2 BASIS OF PREPARATION AND SIGNIFICANT ACCOUNTING POLICIES
A) Basis of preparation of financial statements
(a) Statement of Compliance
The financial statements of the Company have been prepared in accordance with Indian Accounting Standards (Ind AS) issued under the provisions of the Companies Act, 2013 ("the Act") and guidelines issued by the Securities and Exchange board of India (SEBI). The Ind AS are prescribed under Section 133 of the Act read with Rule 3 of the Companies (Indian Accounting Standards) Rules, 2015 and relevant amendments made thereafter.
Accounting policies have been consistently applied except where a newly issued accounting standard is initially adopted or a revision to an existing accounting standard requires a change in the accounting policy hitherto in use.

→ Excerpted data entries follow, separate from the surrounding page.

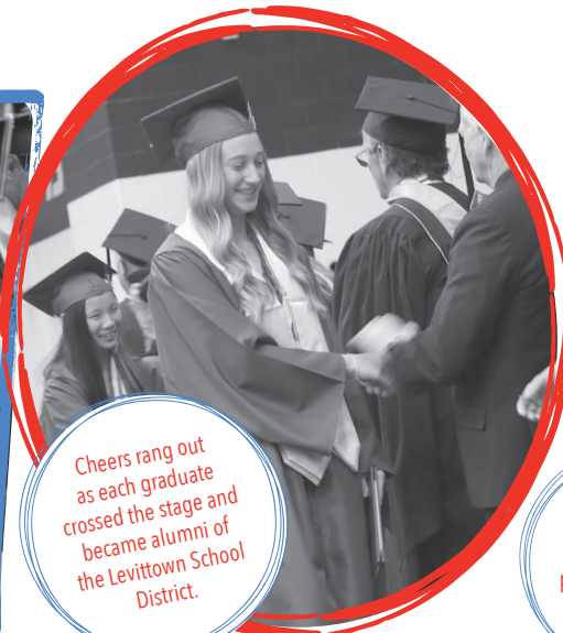
Cheers rang out as each graduate crossed the stage and became alumni of the Levittown School District.
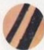
Left: An eyelash before Great-Lash. Right: An eyelash after Great-Lash.

Great-Lash, the protein mascara with the unique Builder-Brush, builds rich, full body onto every tiny lash with just a few quick strokes... so it's easy to put even skimpy lashes in the thick of things. The microscope proves the difference. See your lashes look as thick and luxurious as you've always wanted. Prove to yourself what the microscope shows so clearly.
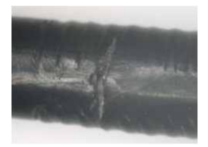
Figure 1. Cut in Bowden cable.

When the vehicle is entered through a different door and moved to a location where it can be warmed, the outside door handle becomes operative.
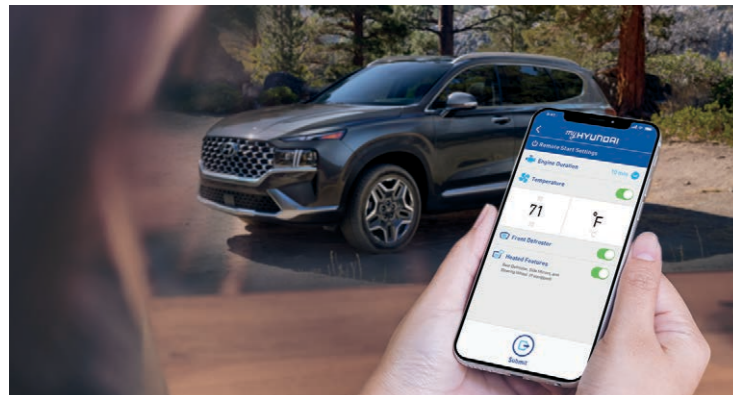
Blue Link Remote

Every Santa Fe Hybrid comes standard with Apple CarPlay ® and Android Auto, ™ and you can now connect two phones to the audio system simultaneously via Bluetooth streaming. 5 Good to know you can easily keep your digital devices powered up, too. A wireless charging pad is available, 6 and dual front and rear USB charge ports are standard.
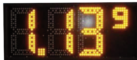
GAS CHANGERS (GR)

Display switches between time and temperature. Down timing display
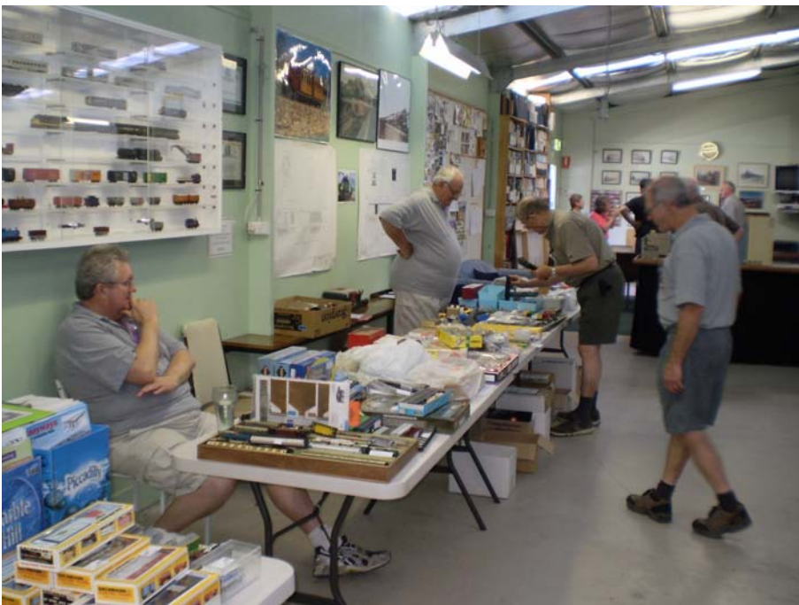
The club table
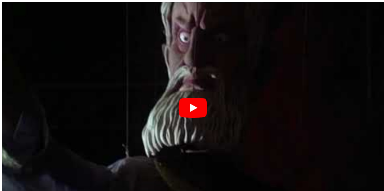
Clip 4 Alexander, God and puppets in Fanny and Alexander
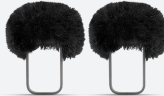
2 x Furry Windshields
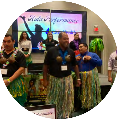
Mid-day Break Hula Dance Lessons
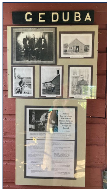
Sample of the Duba exhibit in the Blacksmith shop.

Every new season at the Historical Society brings new and exciting projects and discoveries for the curating team. It seems that every new question we are asked to investigate concerning a facet of Isle La Motte's history becomes an opportunity to add to our Town's story. Our goal is to record those stories and our collected artifacts in a way that makes them available for future generations. Again this year, our goal is to continue to move as much of our collection as possible from a general file into our Past Perfect computer program.
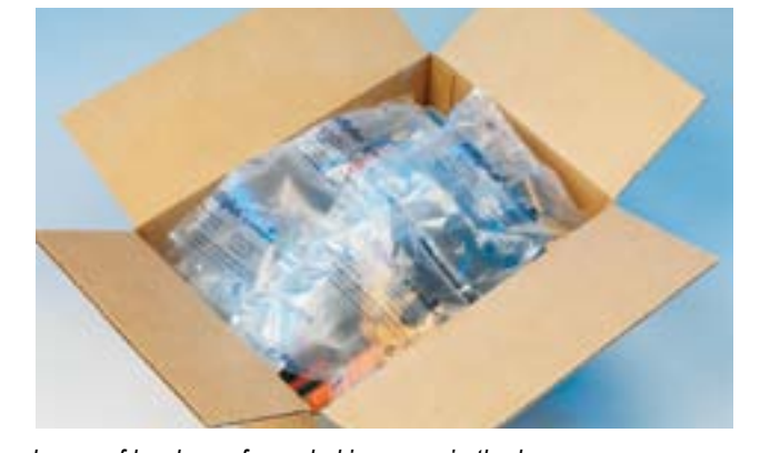
A fast and easy void-fill material, AIRplus® prevents items like small packages of hardware from shaking open in the box.
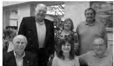
Zábery z bowling turnaju, 1-3 Maj 2015 Erie, PA
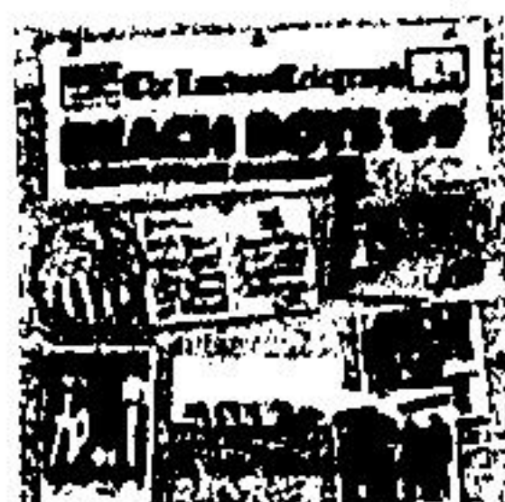
The Beach Boys "Live In London"
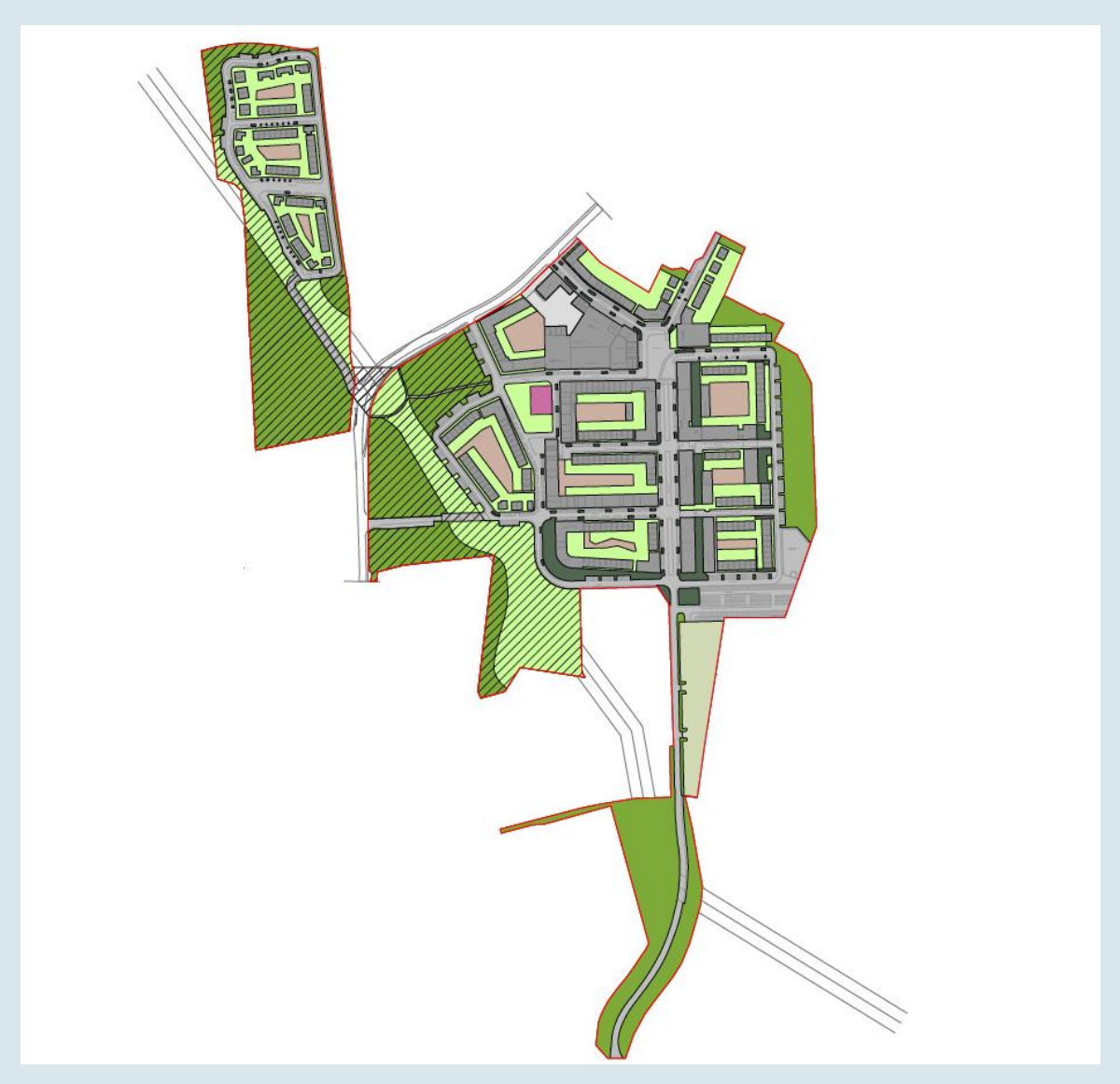
Plan IE: Proposed Green Infrastructure & Greenspace

(b) Functional and presentation currency
These financial statements are presented in Indian rupees (Rs.), which is the Company's functional currency. Figures are shown in Lakhs.
(c) Basis of Measurement
The financial statements are prepared in accordance with the historical cost convention basis, except for certain items that are measured at fair values.
Determining the Fair Value
While measuring the Fair Value of an asset or a liability, the Company uses observable market data as far as possible. Fair values are categorised into different levels in a Fair Value hierarchy based on the inputs used in the valuation techniques as follows:
(d) Use of Estimate
The preparation of financial statements in conformity with the Ind AS requires management to make estimates, judgements and assumptions. These estimates, judgements and assumptions affect the application of accounting policies and the reported amounts of assets and liabilities, the disclosures of the contingent asset and contingent liability at the date of the financial statements and reported amount of income and expenses during the period. Accounting estimates could change from period to period. Actual results could differ from the estimates. Appropriate changes in estimate are made as the management become aware of the change in circumstances surrounding the estimates. Change in the estimates are reflected in the financial statements in the period in which the changes are made and, if material, their effect are disclosed in the notes to financial statements.
(e) Operating Cycle
All assets and liabilities have been classified as current or non-current as per the Company’s normal operating cycle and other criteria set out in the Schedule III to the Companies Act, 2013 and Ind AS 1 - Presentation of Financial Statements issued by the Ministry of Corporate Affairs based on the nature of products and the time between the acquisition of assets for processing and their realisation in cash and cash equivalents.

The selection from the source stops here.